_Work request_.
Some entries follow. Reproduce exactly the lines starting at the one with "Doctor Who 1st" and stopping after the one with "(ターボ・ブースト利用時の最大周波数 4.4GHz) |".

_Recorded information_.
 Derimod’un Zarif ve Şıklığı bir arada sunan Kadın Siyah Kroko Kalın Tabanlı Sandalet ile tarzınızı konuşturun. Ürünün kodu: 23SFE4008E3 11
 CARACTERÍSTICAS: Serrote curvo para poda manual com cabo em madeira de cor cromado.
* * *
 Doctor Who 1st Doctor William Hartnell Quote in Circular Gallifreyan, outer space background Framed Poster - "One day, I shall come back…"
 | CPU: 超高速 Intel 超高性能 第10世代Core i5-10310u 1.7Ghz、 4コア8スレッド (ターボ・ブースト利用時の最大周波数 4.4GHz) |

_Expected answer_.
 Doctor Who 1st Doctor William Hartnell Quote in Circular Gallifreyan, outer space background Framed Poster - "One day, I shall come back…"
 | CPU: 超高速 Intel 超高性能 第10世代Core i5-10310u 1.7Ghz、 4コア8スレッド (ターボ・ブースト利用時の最大周波数 4.4GHz) |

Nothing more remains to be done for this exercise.